- Portuguese: Boca a Boca
- Genre: Thriller drama
- Created by: Esmir Filho
- Screenplay by: Esmir Filho; Juliana Rojas; Marcelo Marchi; Jaqueline Souza; Thais Guisasola;
- Directed by: Esmir Filho; Juliana Rojas;
- Starring: Caio Horowicz; Denise Fraga; Esther Tinman; Bianca Byington; Carolina del Carmen Peleritti; Iza Moreira; Thomás Aquino;
- Country of origin: Brazil
- Original language: Portuguese
- No. of seasons: 1
- No. of episodes: 6

Production
- Producers: Fernando Sapelli; Thereza Menezes; Caio Gullane; Fabiano Gullane;
- Production companies: Gullane; Fetiche Features;

Original release
- Network: Netflix
- Release: 17 July 2020

= Kissing Game (TV series) =

Brazilian television series

Kissing Game (Boca a Boca) is a Brazilian thriller drama television series created by Esmir Filho for Netflix.

==Plot==
After a party, a girl wakes up the next day with a slightly different hangover.
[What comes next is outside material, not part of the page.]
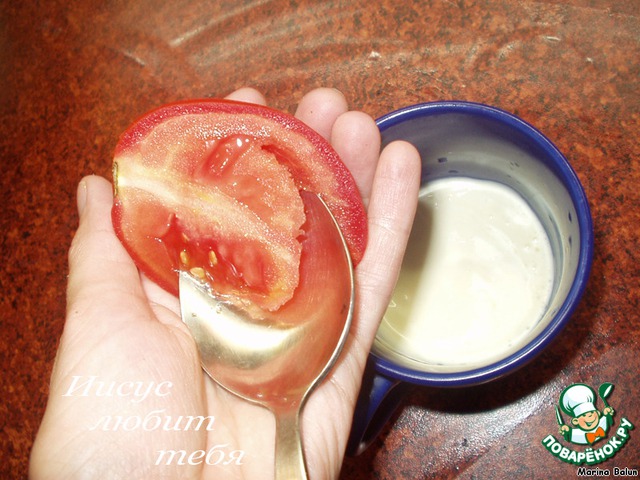Готовим соус: в майонез кладем внутренность от помидора (или двух, если маленькие), перемешиваем с помощью блендера. Соус готов!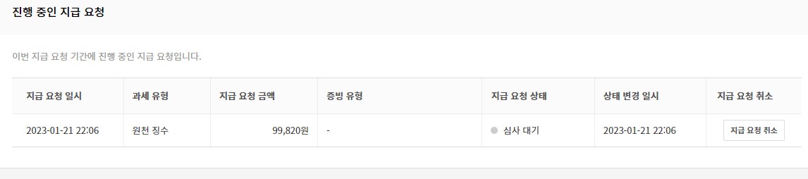 정보를 다 하면 위와 같이 지급 요청하기가 나온다 누르자.

She was infected with a virus transmitted through her mouth. In addition to the common dramas from the coming of age, teenagers in a rural town live with the panic of the virus and the fear that their secrets will be discovered.

== Cast ==
===Main===

| Actor/Actress | Role |
|---|---|
| Caio Horowicz | Alex Nero |
| Iza Moreira | Fran |
| Michel Joelsas | Francisco "Chico" |
| Denise Fraga | Guiomar Araújo |
| Thomás Aquino | Maurílio |
| Luana Nastas | Isabel "Bel" Lima Alves |
| Luana Camaleão | Marina |
| Olívia de Sá | Nanda |
| Esther Tinman | Manuela "Manu" Araújo |
| Kevin Vechiatto | Quim |
| Grace Passô | Dalva |
| Bianca Byington | Carminha Nero |
| Bruno Garcia | Doni Nero |
| Flávio Tolezani | Tomás |
| Júlia Feldens | Theresa Lima Alves |
| Bella Camero | Bianca Nero |
| Augusto Trainotti | Guilherme |

==Episodes==

| No. | Title | Directed by | Written by | Original release date |
|---|---|---|---|---|
| 1 | "Got You!" "Te Peguei!" | Esmir Filho | Esmir Filho & Thais Guisasola | July 17, 2020 |
| 2 | "Friday Night-Monday Morning" "Sextou/Segundou" | Esmir Filho | Esmir Filho & Juliana Soares | July 17, 2020 |
| 3 | "Easy When That Doesn't Affect You" "É Facil Quando Não Te Afeta" | Esmir Filho | Esmir Filho & Marcelo Marchi | July 17, 2020 |
| 4 | "Are You Looking?" "A Fim de Real?" | Esmir Filho | Esmir Filho & Thais Guisasola | July 17, 2020 |
| 5 | "Unfollow" "Unfollow" | Juliana Rojas | Esmir Filho & Juliana Soares | July 17, 2020 |
| 6 | "We Are All Sick" "Estamos Todos Doentes" | Juliana Rojas | Esmir Filho & Marcelo Marchi | July 17, 2020 |

==Release==
On June 23, 2020, Netflix released the official trailer for the series.